Kabul revisited: the unembedded experience
19 oktober 2010
De-ISAFING
Our official program ended today. We have been given a unique opportunity to discuss the NATO strategy with commanders at all levels and to interact with top EU and UN representatives. Our group leaves the headquarters of ISAF for the airport. I am not leaving with them. I am staying on in Kabul to get some Afghan perspective on things. De-ISAFING, I call it.
I hand in my NATO ID and walk with my bags to the exit of the headquarters of the ISAF military headquarters. Suddenly I am alone in Kabul. I pull my scarf over my head, call a taxi and travel to my new location, a research institute in the center of Kabul. It feels strange, a little scary also, without armed drivers and the organization of NATO behind me. I tell myself it's OK, I am no longer an obvious target, traveling with American military. Somehow, I miss their crude jokes.
Staff of the EU in Kabul live and work in a walled security compound. The UN and its staff will soon be moving to a secured compound too. Journalists and independent researchers still live in their own -guarded- houses in the city. There are wonderful restaurants to go to at night with great Afghan food in beautiful walled gardens with Afghan carpets and seating arrangements with pillows and low tables. Some of them even serve wine in clay tea pots.
What strikes me in the discussions with Afghans is the pessimism about the situation and the prospect for an end to the conflict. Afghans I speak to lament the fact that violence and insecurity are on the increase, the Taliban control large parts of the country and the public perception in our countries is turning against longer involvement in Afghanistan. “How come you defeated the Taliban government in 2 weeks in 2001 and cannot defeat them now?“ The contrast with the optimism and dynamism of the military could not be more striking. “The military are the only ones convinced that this strategy will succeed.”

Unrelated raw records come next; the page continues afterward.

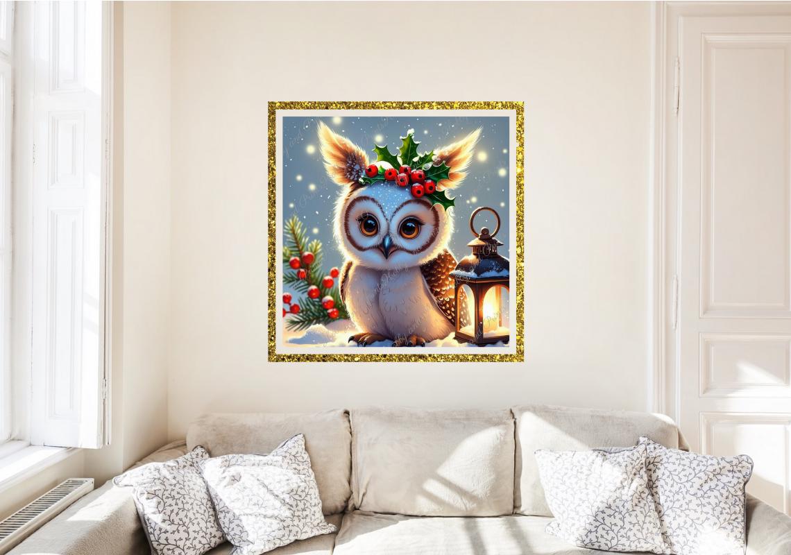This enchanting owl with bright brown eyes and festive decorations brings winter magic right into your home! With its charming gaze and atmospheric lantern, it's the perfect motif for your next 5D diamond painting project – to give as a gift or keep for yourself.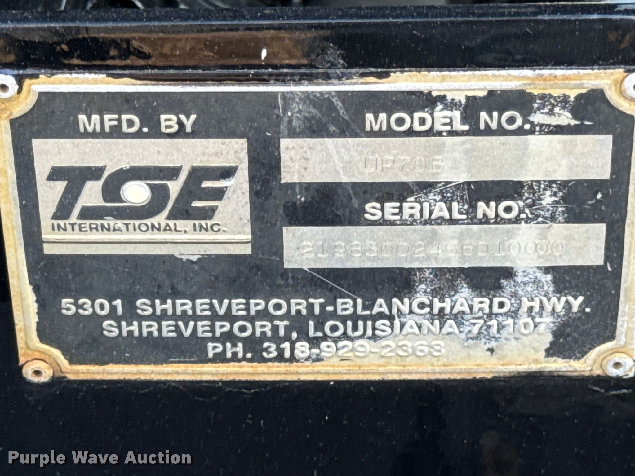 Purple Wave is selling a used Truck Part and Attach. in Illinois. This item is a TSE UP70B cable puller bed with the following: Serial: 21983002466010000
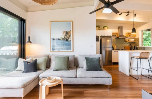 Private and cosy, this bright beach home is in the heart of the Peninsula. With wooden floorboards spilling out on to a spacious deck, a well-appointed kitchen, working fire place and two comfortable bedrooms it has everything you need for a dreamy escape.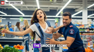 Among the chaos, a young woman named Emily hurried through the aisles, her baby cradled in her arms.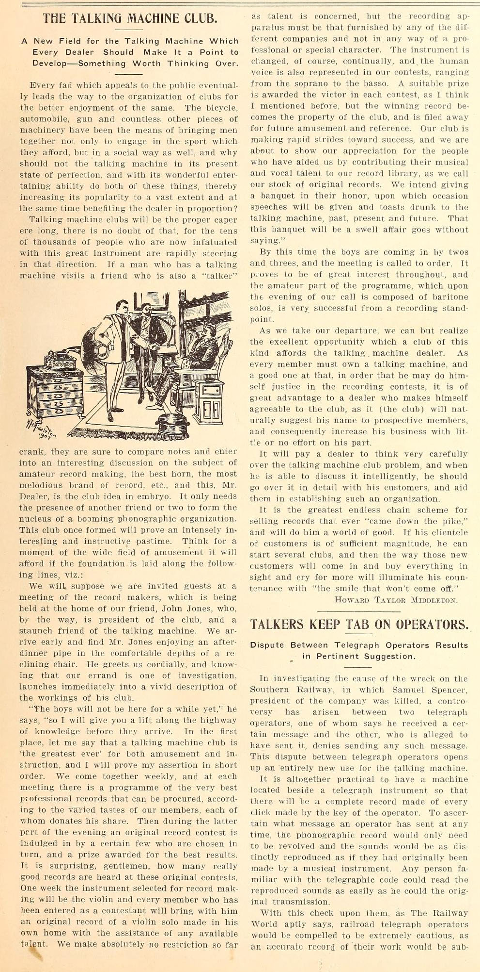 The Talking Machine Club by Howard Taylor Middleton, January 15, 1907 (See below for complete text).

Afghans are concerned about the intertwined counterinsurgency and political strategy. Killing and capture operations don’t necessarily create the momentum for negotiations, some of them say. The heavy-handedness of the kinetic operations creates a backlash. “The insurgency is incredibly resilient. For every one Taliban killed 10 will re-emerge. They will be more radical and less inclined to talk. They have nothing to gain from talks right now.” In Kabul, former Taliban ministers and ambassadors give interviews on some of the many TV channels. They distance themselves from talks and propagate the ideas of the Taliban. Some Afghans welcome their openness en want the Taliban to become a political party that participates in the political process.
We, the international community, are backing the central Afghan government to extend its long arm to the provinces. Is this the only or even the best way to stabilize Afghanistan, I wonder. “You cannot change old habits at gunpoint” one Afghan tells me. “You cannot impose an illegitimate government at gunpoint either.” The military can clear an area of insurgents. But if subsequently a corrupt governor with a criminal record is appointed, the population again turn to the Taliban. “Afghans never expected to get health clinics and schools, one Afghan MP tells me. “What they want is someone to turn to, who helps them to solve problems and conflicts. Someone they trust.” This is a society emerging from 30 years of war with in some parts of the country, a culture of revenge. There are lots of conflicts over land, water, property, ethnic rivalries and tribal scores to settle. Governance for many rural Afghans equals a simple form of justice. This is exactly the vacuum the Taliban are filling. They dispense justice. It is cheap, quick, transparent and very cruel.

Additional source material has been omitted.